②オナニーをする空間は、絶対に他人に見られない・聞かれない、プライヴェートな部屋(場所)が望ましい。他人が通るのが窓から見えるとか、他人の話し声が聞こえるといった部屋では、落ち着いてオナニーに集中できないだろう。また、そうしたプライヴェートとは言えない環境でオナニーをおこなうと、目的を逸脱した性欲の解放に陥りがちだ。むろん、自分だけの落ち着いた部屋を確保できていても、そこが清潔な環境でなければならない。

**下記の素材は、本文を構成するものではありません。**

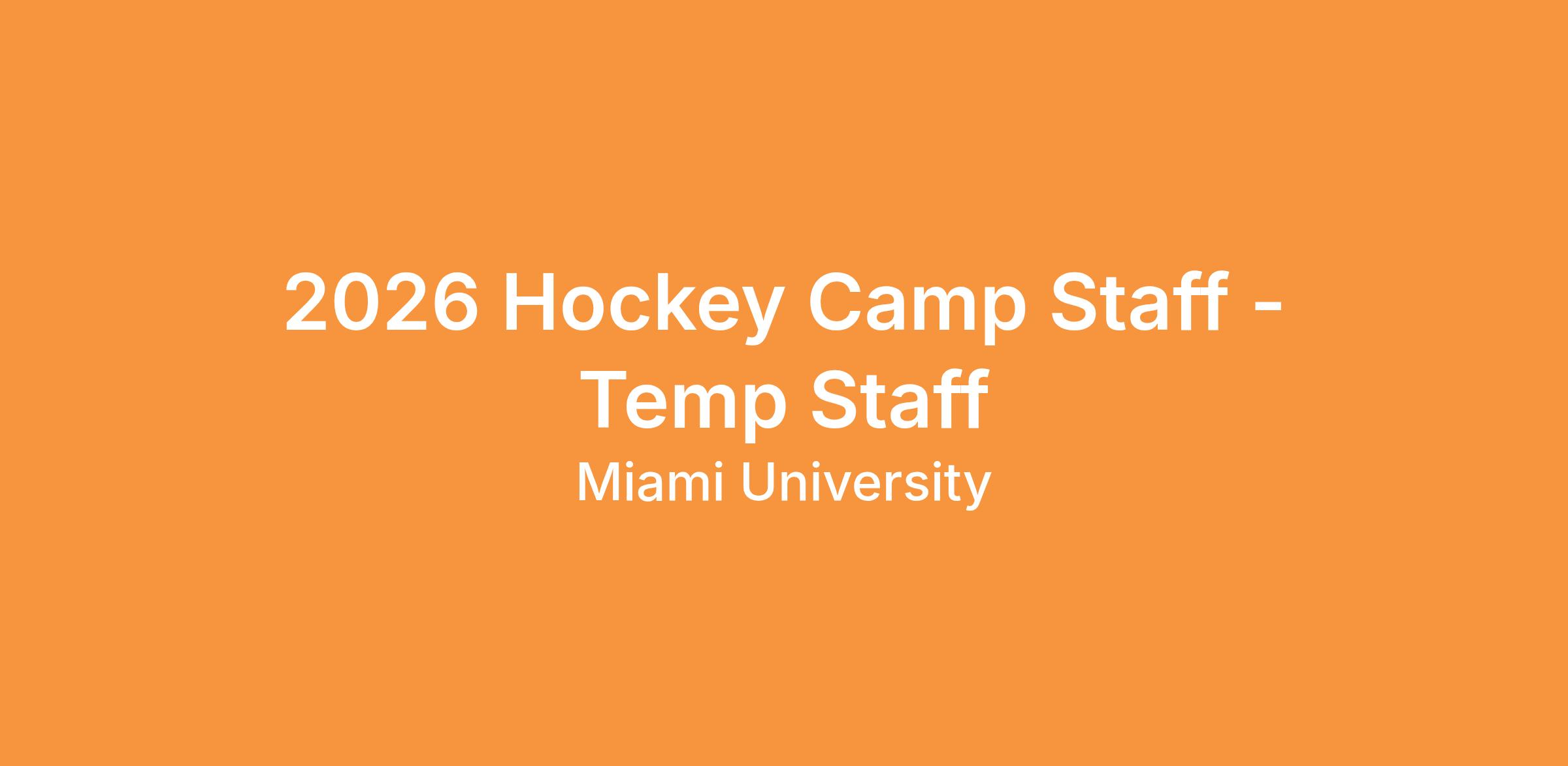 2026 Hockey Camp Staff - Temp StaffDepartment

③ベッドに、タオルケットとティッシュペーパーを用意しておく。
 
④ここからのオナニーの所要時間は、正味30分前後が望ましい。
 
⑤気分を盛り上げるための動画や写真を用意し、鑑賞する。あまり長い時間鑑賞する必要はない。性欲が高まり、ペニスが勃起すればそれで充分だ。ただし、この時オナニーはおこなわないこと。
 
⑥ここからは一切、視覚的効果を求めてはいけない。自分の想像(妄想)だけで盛り上げていく。まず、ペニスの陰嚢や裏筋あたりを優しく撫で、勃起するのを確認する。
 
⑦包茎の人は、優しく包皮を剥いて反転させる。反転させた後も、しばらく陰嚢や裏筋あたりを撫で続ける。この時点でペニスは充分勃起しているはずだ。ここでコンドームを付けると、さらに実際的となり、よりセックスの好意的な模範となって、自己肯定感が高まる。なんの想像(妄想)をしなくても、ペニスを優しく撫でているだけで気持ちいいはずだ。
 
⑧その後、寝そべった体勢で、目を瞑り、パートナーとのセックスを想像する。シーツを汚さないよう、タオルケットを敷いておくといい。勃起したペニスを優しくゆっくりといじりながら、ペニスを相手の体に挿入していく想像を試みる。そうしてさらにペニスを撫で続け、挿入したと想像するペニスの動きをイメージしながら、相手との興奮した状態をイメージする。この時、とてもいい気分となる。
 
⑨徐々にヴォルテージを高めていき、一度、その興奮から冷めたショートタイムを断続的につくるのもテクニック。徐々にヴォルテージを高めていくことは、セックスと同様のシチュエーションで心身の興奮を得ることになる。この時既に、さまざまな想像をめぐらしているので、興奮は頂点に達し、射精したい衝動に駆られるはずだ。それはもう、自分の好きなタイミングで射精してまったくかまわない。ただし、必ずしも、クライマックスで射精を伴う必要はないのだ。個人の自由である。あくまで自分のペースで、性欲を高めるのが目的であり、刺激優先ではない。優しい接触と想像だけでオナニーを楽しむのが、スローな「ナチュラル・マスターベーション」の本意である。
 
⑩オナニーが終わったら、ティッシュペーパーを使ってペニスや体を拭き、シャワーを浴びたりするのもいい。お茶やコーヒーなどを飲んで心をリラックスさせることもおすすめする。
 

注意すべきこと

○ペニスを傷つけたり、過度な強い刺激を与えない。
○床オナや皮オナはやらない。
○他人を巻き込まない。他人に見せない。自分だけでおこなう。
○道具を使ったオナニーを否定する。長時間に及ぶオナニーを否定する。パートナーに見せびらかすオナニーも否定する。
○自分で気分が滅入る行為はやらない。自己肯定感を高めるためにおこなうのだから、まったく個人で性的な快感を得るための、慎ましやかなオナニーが望ましい。